Willie Cole Recycles Musical Instruments Into Outstanding Sculptures

Billy Anania, Hyperallergic, May 23, 2022

Time is itself a recycling process for Cole, whose freewheeling spirit transcends linearity in his excavations of art and music history.

 

At the entrance to Willie Cole’s No Strings, a peacock of piano keys greets visitors from the center of the room. Instead of a rainbow plume, the New Jersey artist layered black sharps and flats atop a fan of white keys, fragments of gold pedals comprising its beak and claws. While not a songbird, the piece nonetheless sets a dulcet tone throughout the gallery of Alexander and Bonin, strutting the line between listening and looking.

The exhibition is Cole’s latest foray into assemblage at the Soho mainstay. For this show, the artist partnered with Yamaha, whose upcycling program donates blemished instruments that did not pass final inspection. New acoustic guitars are split open, divided into pieces, and rearranged into bodily forms, with some proceeds from sales going toward the music department at Arts High School, Cole’s alma mater in Newark.

Known for large-scale installations composed of water bottles, hairdryers, and women’s shoes, Cole once again exhibits his talent for seeing life everywhere. Two musicians made entirely of halved guitar bodies appear to serenade viewers from one corner of the gallery, but their tune is drowned out by car horns and ambulance sirens outside on Broome Street. It brings to mind the downtown folk, jazz, and blues scenes of the mid20th century, before luxury retail overtook the neighborhood. Crucially, Cole made both pieces with guitars of two different shades and blended them into each body, giving them shared characteristics.
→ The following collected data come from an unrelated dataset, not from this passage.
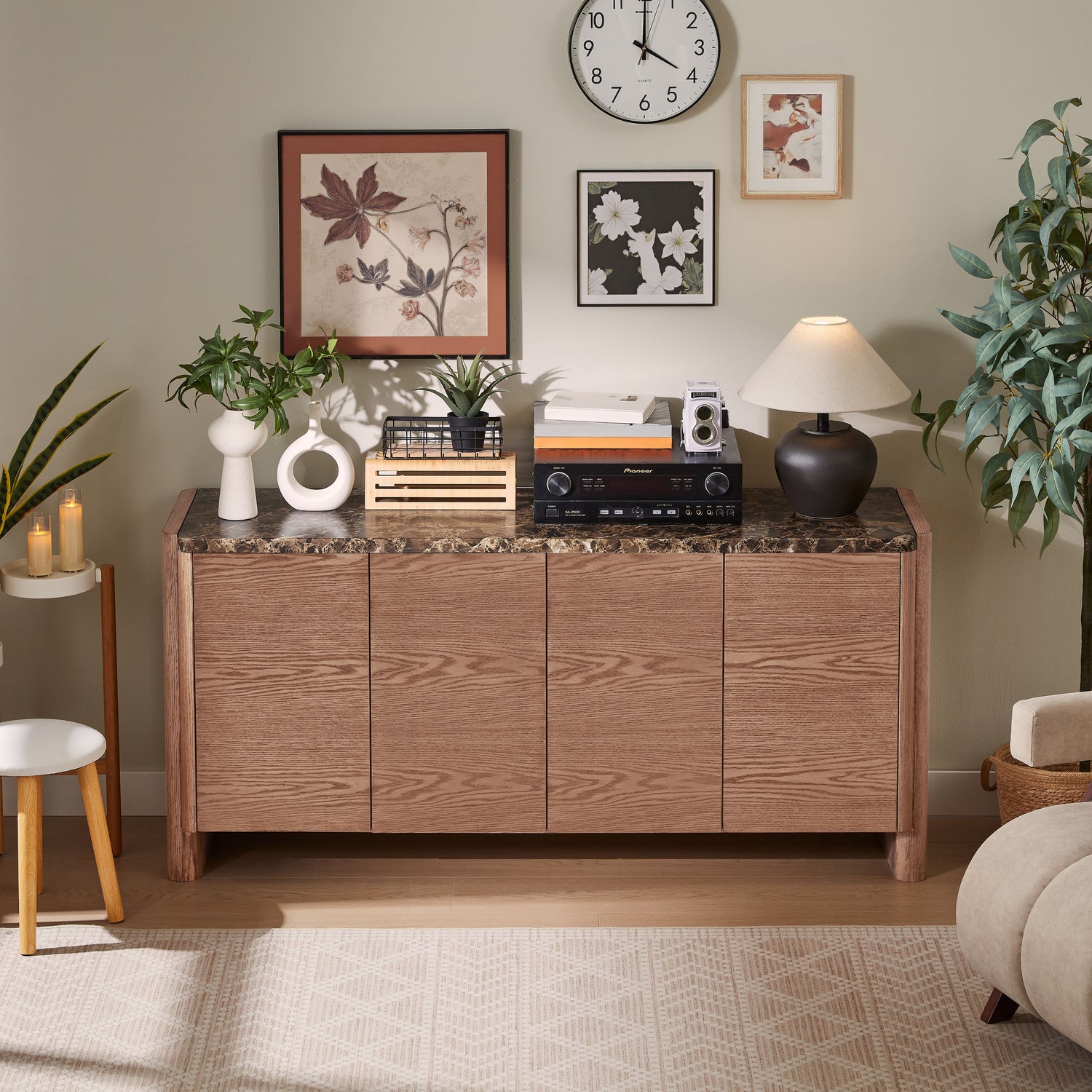 No harsh edges here. From the softened corners to the gentle arc of the legs, the sideboard’s curved details bring an inviting silhouette that feels modern yet approachable. It’s a subtle design twist that catches the eye without stealing the scene.
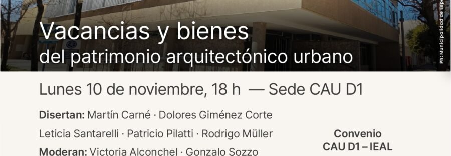 El IEA Litoral invita al conversatorio “Vacancia y bienes del patrimonio arquitectónico urbano”, del ciclo “Laboratorio de debates públicos urbanos – Bienes comunes”, que se realizará el lunes 10 de noviembre de 18 a 20 hs en el CAU D1 (San Martín 1754, Santa Fe).
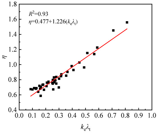 The lifting coefficient η of the bearing capacity is linearly fitted with the effective confinement index (keλt), and the results show that they have a linear distribution, as shown in Figure 11:
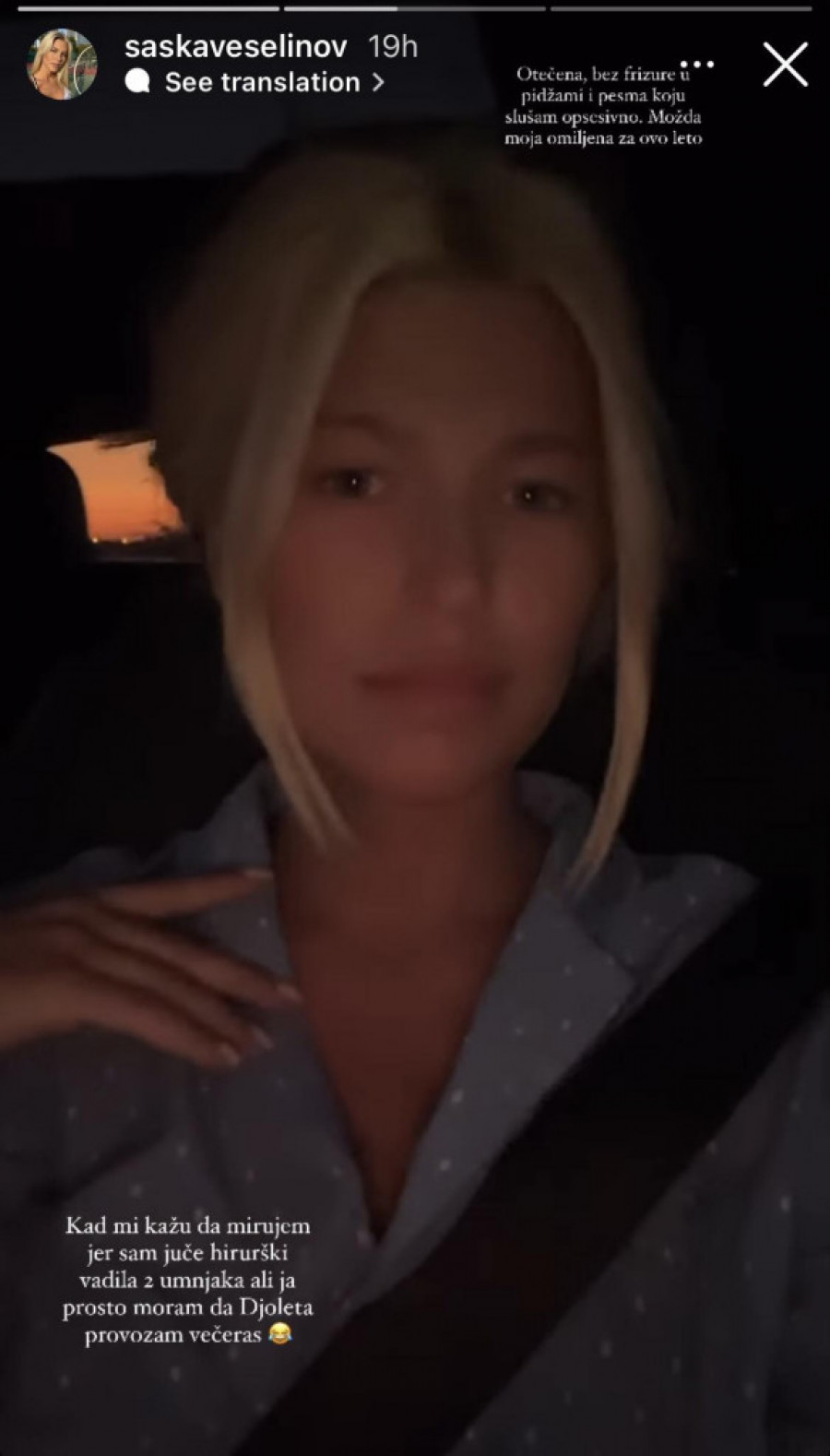 „Otečena, bez frizure, u pidžami i pesma koju slušam opsesivno. Kad mi kažu da mirujem jer sam juče hirurški vadila dva umnjaka, ali ja prosto moram da se provozam“, napisala je Saška uz snimak.

This leads me to wonder if these instrumentalists, titled “Strummer” and “Picker” (2022), are long-term bandmates or just linking up for a momentary jam session.

Across from them, two pieces constructed with sleek black guitar parts resemble busts of human heads, their teeth made of tuning pegs, tongues of fretboards, eyes of tailpieces, and hair of bridge pins. Cole even punches out the electronic preamps to create ear holes. Given the recent discourse around Black representation in sculptural busts, the works subtly illuminate the long record of cultural appropriation by white artists.

“I am more of a perceptual engineer,” Cole told Hyperallergic in 2013. “I change the way people see everyday objects.” In that same interview, he describes his passion for music, particularly playing guitar, noting that his art is an improvisation on the “visual harmonics” of everyday objects. This comes through most triumphantly in a huge mandala made of guitar necks, titled “Dial-a-Tune” (2022) — a reference to old answering machines that would play back music for callers. At the center of its ornate design, a metal hard-body banjo hints at a tough but reflective core. Despite the exhibition’s title, nickel-wound strings are present in every guitar. Time is itself a recycling process for Cole, whose freewheeling spirit transcends linearity in his excavations of art and music history. He confronts this directly in a newer piece in a back office of the gallery, titled “The Birth of the Blues” (2022). Two bare-chested Black mannequins gaze toward the floor with black guitars placed over their heads, resembling the wooden yokes forced on enslaved African people. Behind their backs, white chains bind their hands, their torsos submerged in white rice. This sublime piece hearkens to the political ties that still bind aesthetics in the United States, which are in dire need of breaking.